ArchiveTeam / grab-site

The archivist's web crawler: WARC output, dashboard for all crawls, dynamic ignore patterns
Other
1.31k stars 129 forks source link

Pause gracefully if OSError (No space left on device) #206

Open TheTechRobo opened 2 years ago

TheTechRobo commented 2 years ago

Instead of crashing the crawl, why don't we simply pause and retry every so often if the computer has no space left?

ivan commented 2 years ago

I believe wpull and ludios_wpull do this if psutil is installed (psutil>=2.0,<=4.2 is in its requirements). I think I didn't include the requirement in grab-site for compatibility with Windows or macOS? Not sure.

https://github.com/ArchiveTeam/grab-site/blob/6269289a2ca874bae52f116016ca54dc8887d0cc/extra_docs/pause_resume_grab_sites.sh is the workaround I use to avoid crashes right now.

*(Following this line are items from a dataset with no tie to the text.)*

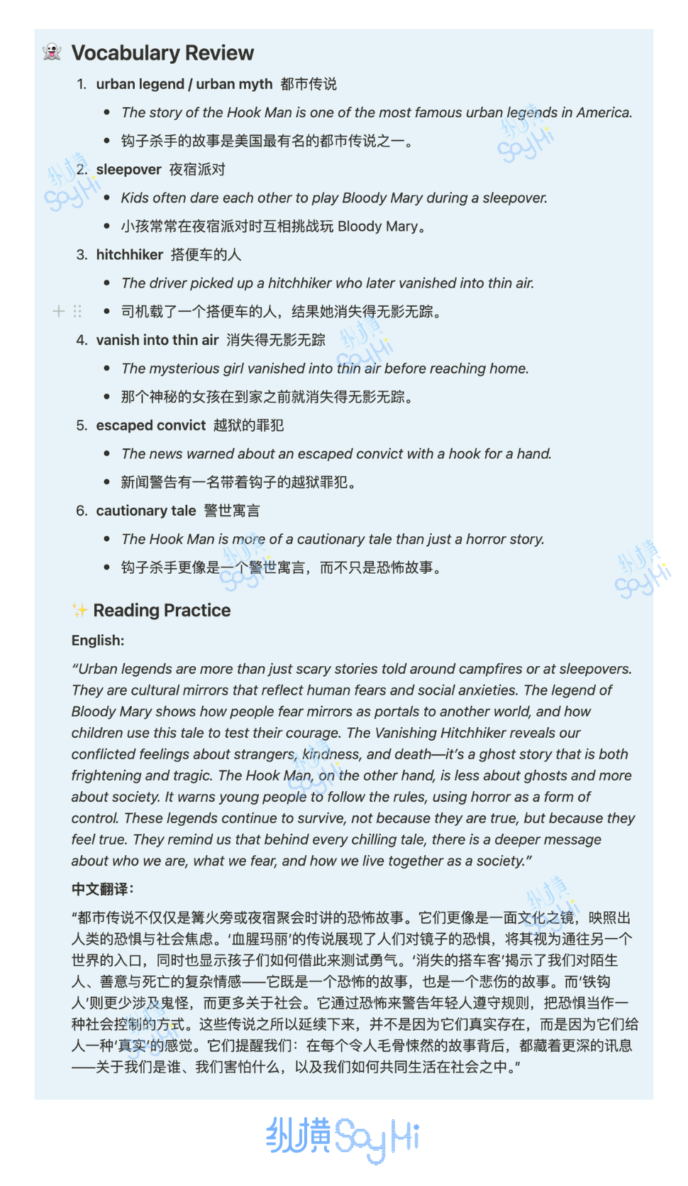 我们今天要聊到的是 urban legends,也就是都市传说。在英文里,也有人叫它 urban myths。这些故事通常没有确切的来源,往往是从"朋友的朋友听来的"——a friend of a friend told me。
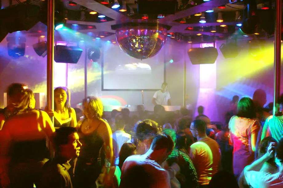 - Au fond il y a la piste de danse sous des jeux de lumières high-tech.
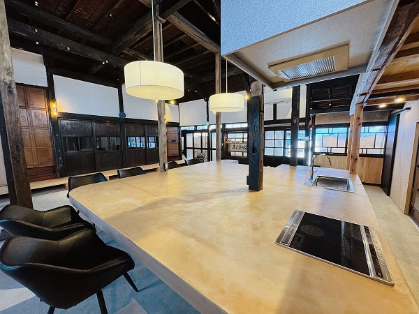 「いにしえの宿おへそ」では、大人数でも快適に使える広々としたキッチンとダイニングスペースを用意。調理器具、調理家電、食器類も完備しており、グループでの自炊を楽しむことができる。地元の農産物を直売所で購入し、古民家のキッチンで調理する“地産地消”の食体験も魅力の一つだ。
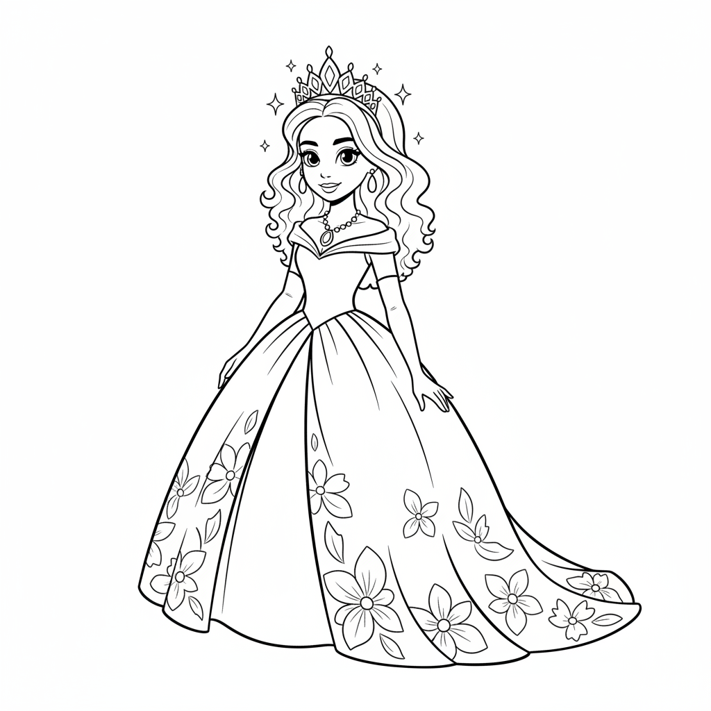 A delightful black girl coloring page featuring Black princess in gorgeous ballgown with sparkling tiara. Perfect for kids and adults who love coloring!
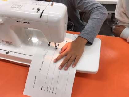 5年生、はじめてのミシン。すごくやりたい気持ちが伝わります。素敵な作品につながる気がします!
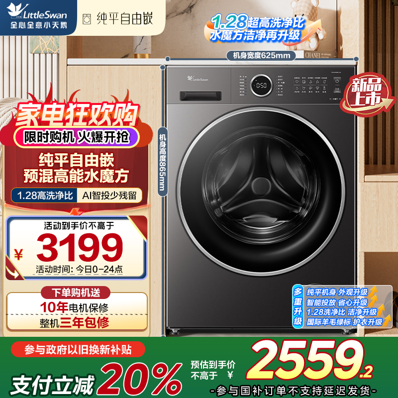小天鹅(LittleSwan)滚筒洗衣机全自动家用 TG10V628PLUS 水魔方 10公斤 内衣洗 1.28高洗净比
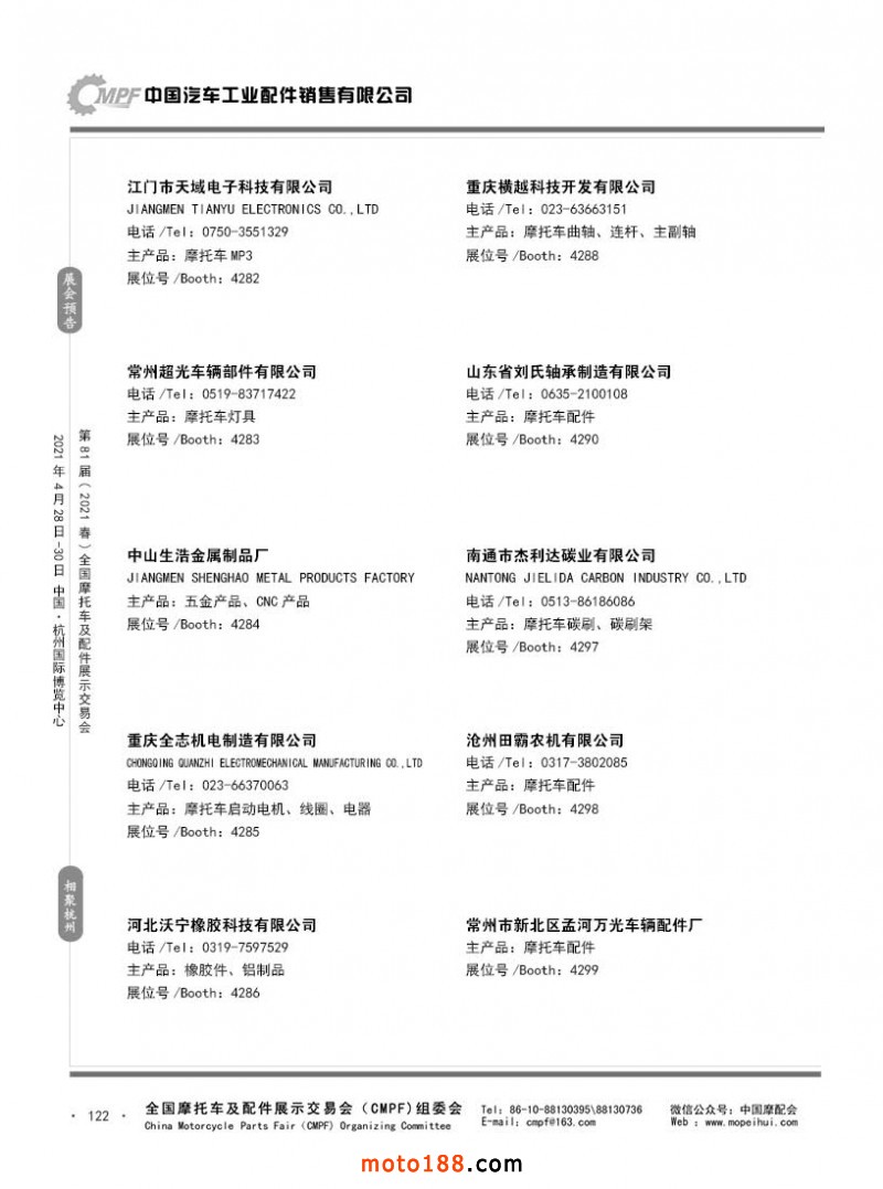 內122 第80屆(2020秋)全國摩托車及配件展示交易會-廣州站參展企業信息
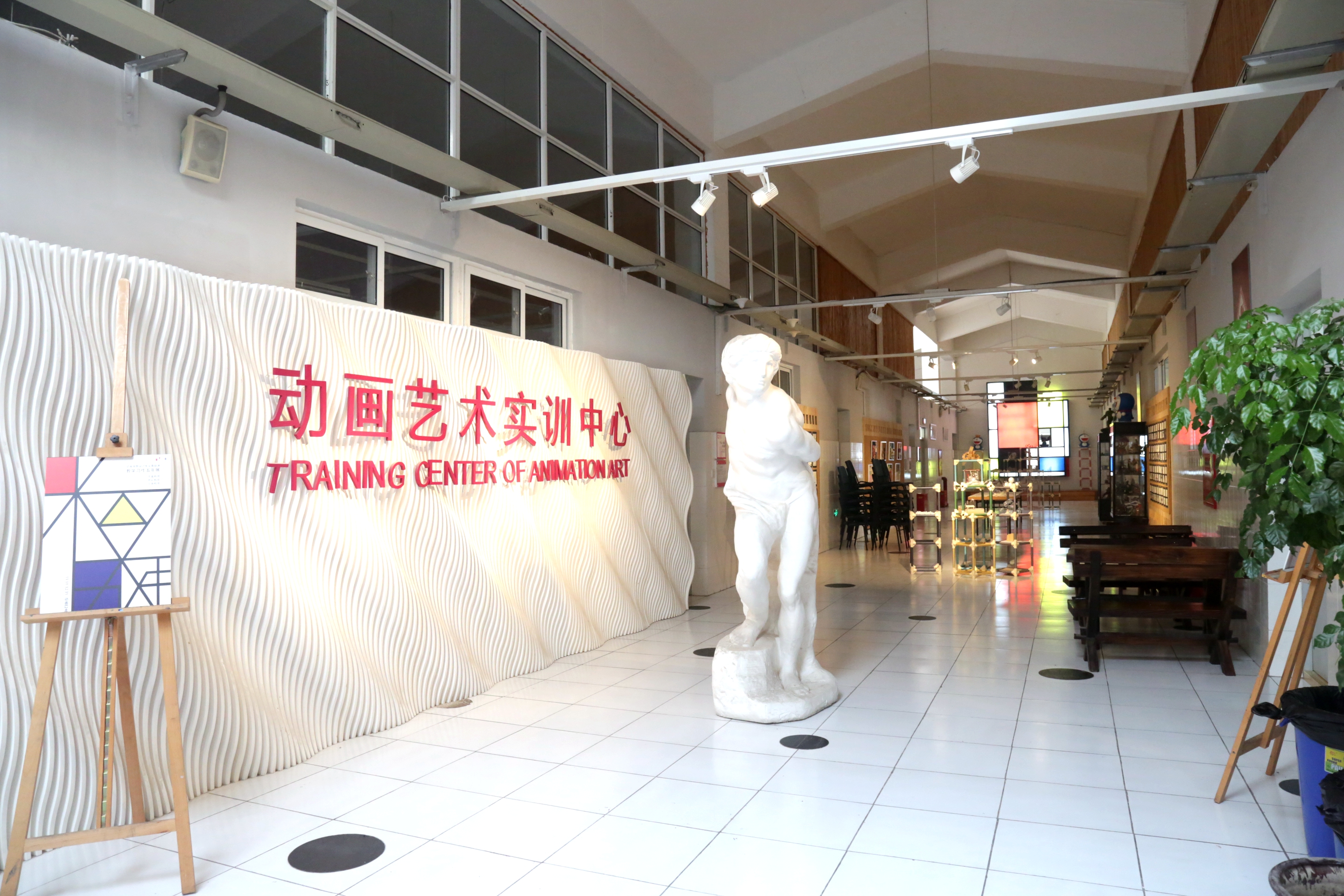 设计与艺术学院艺术实训中心走廊文化以活泼、轻松、充满艺术感的形式而呈现。楼梯正上而对的是米开朗基罗的作品《被俘的奴隶》,屋顶的天光在上午课间时分照在雕塑上,产生的光影增加了教学场地的艺术氛围。正对走廊的是以蒙德里安的红黄蓝构图而改版的灯箱和LED荧屏,不同色的灯光在地砖和墙砖上产生教堂一般的视觉感受。沿着墙体两侧是胶卷形式的软木板,不仅可以有展示、告知等作用,还隐含着设艺学院与影视作品的关系。绿色盆景、休闲艺术座椅、全体教师的肖像漫画、历年的毕业照、学生作品展示,这些都让设艺学院的走廊无论是在视觉上还是触觉上都会产生丰富的感受。
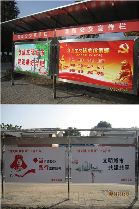 本月上旬高新公交開(kāi)福寺停保場(chǎng)內的文明宣傳欄已建設完成,屹立于停保場(chǎng)上格外引人注目。宣傳欄內,“講文明 樹(shù)新風(fēng)”、“社會(huì )主義核心價(jià)值觀(guān)”、“創(chuàng )建文明城市 建設美好合肥”、“爭當道德模范 踐行雷鋒精神”等宣傳標語(yǔ)向過(guò)往的駕駛員朋友們傳遞著(zhù)社會(huì )正能量,是弘揚傳承中華優(yōu)良傳統美德的重要載體。
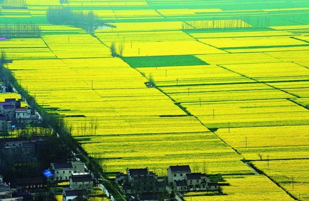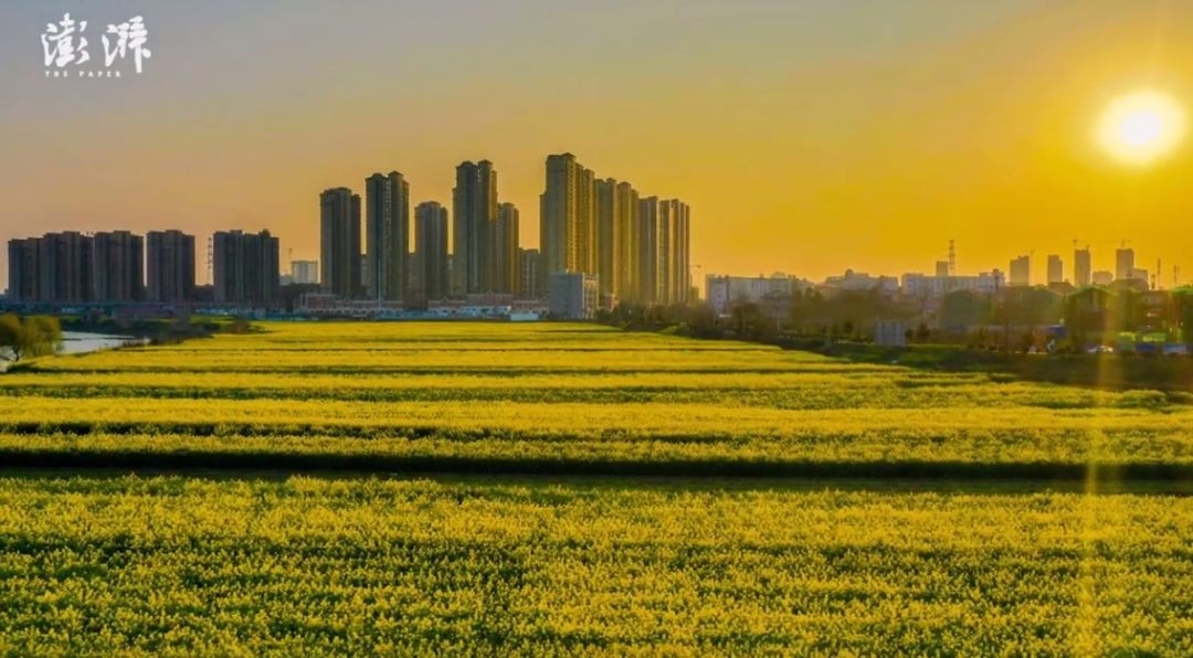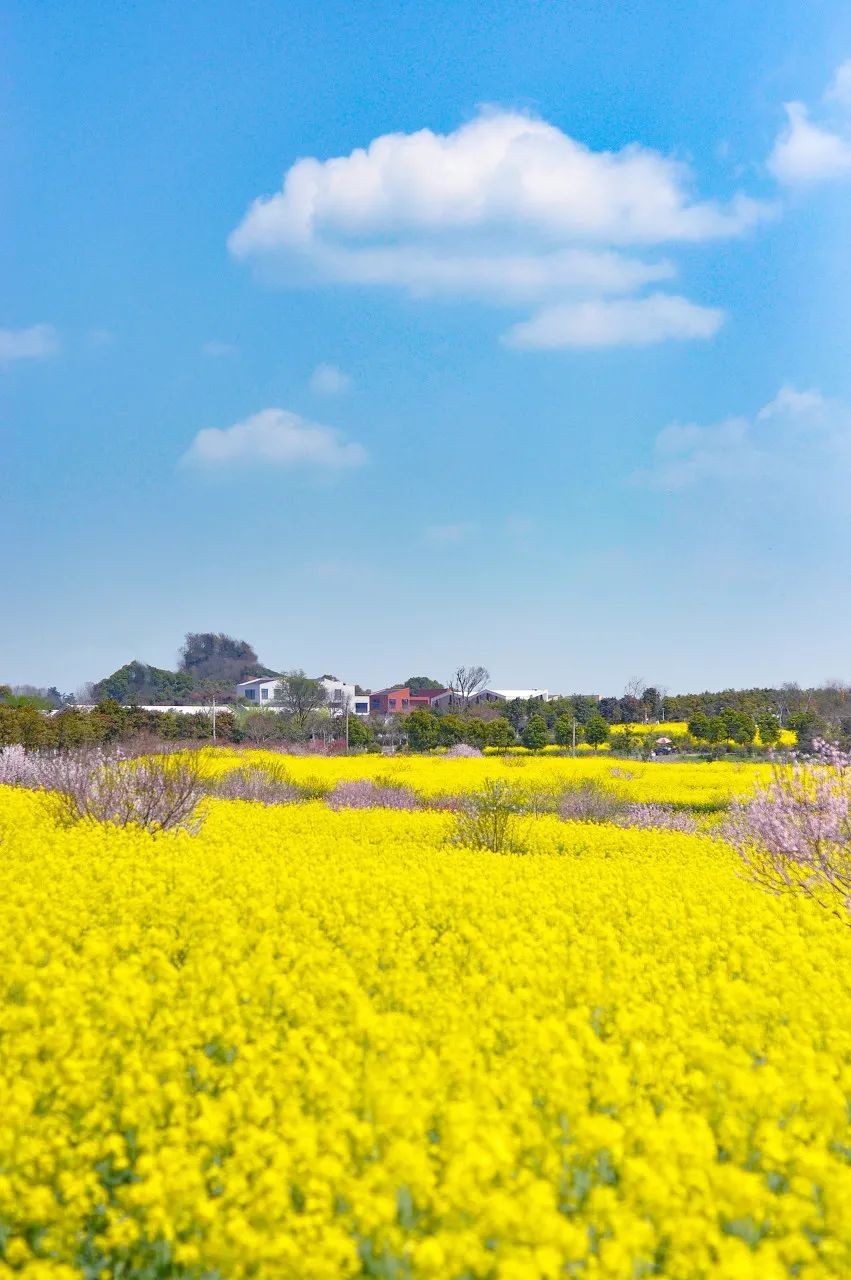 浓浓的春意诉说着高淳的美好,在微风的吹拂下,像是一片金色的海洋,与头顶的蓝天白云、与远处的房屋,构成了一幅画。
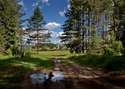 Маленькая лужица, но в ней замечательно отразилась сосна!
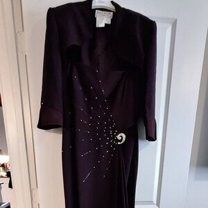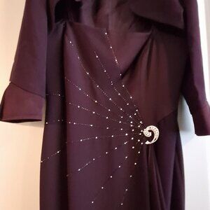 Long formal dress with bolero jacket, deep purple, worn 1x at son's wedding, size 14, bought at bridal shop. Perfect condition, no rips/tears.
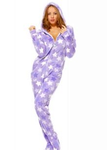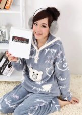 Today's trend is fleece pajamas. It can be presented in different configurations: a T-shirt or sweatshirt with shorts, breeches or pants, as well as in the form of overalls.
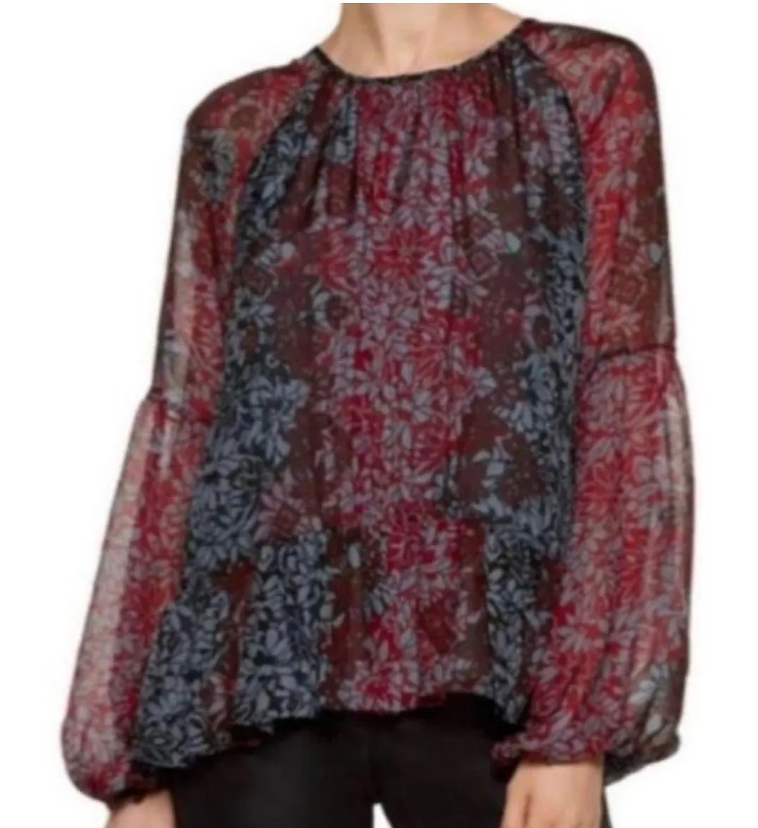 Size XS Excellent preowned condition - no flaws 18" pit to pit 25.5" length Flow with effortless grace in this captivating Cinq a Sept sheer blouse. The exquisite floral print, a mesmerizing blend of deep reds, grays, and subtle browns, dances across the luminous silk fabric, creating a captivating visual depth. Delicate ruffles cascade down the hemline, adding a touch of romantic movement and feminine charm that will turn heads. The sheer construction allows for beautiful layering, inviting you to play with textures and create your own signature look. Perfect for adding a touch of refined artistry to your ensemble, this blouse is ideal for a sophisticated evening out, a chic brunch with friends, or a stylish addition to your vacation wardrobe. Key words: designer luxury silk party special occasion

I agree this should be better and work by default.

TheTechRobo commented 2 years ago

Well, a 50GB crawl I had crashed. :/

Just installed it for the future.

TheTechRobo commented 2 years ago

Nope, didn't do anything. I have psutil yet my 33GB crawl just crashed because I ran out of space.

TheTechRobo commented 2 years ago

Where does this error pop up, I can't remember but I want to fix this.

Do you think just putting it in a try block would work and catch OSErrors, and pause the crawl, or should we do something else?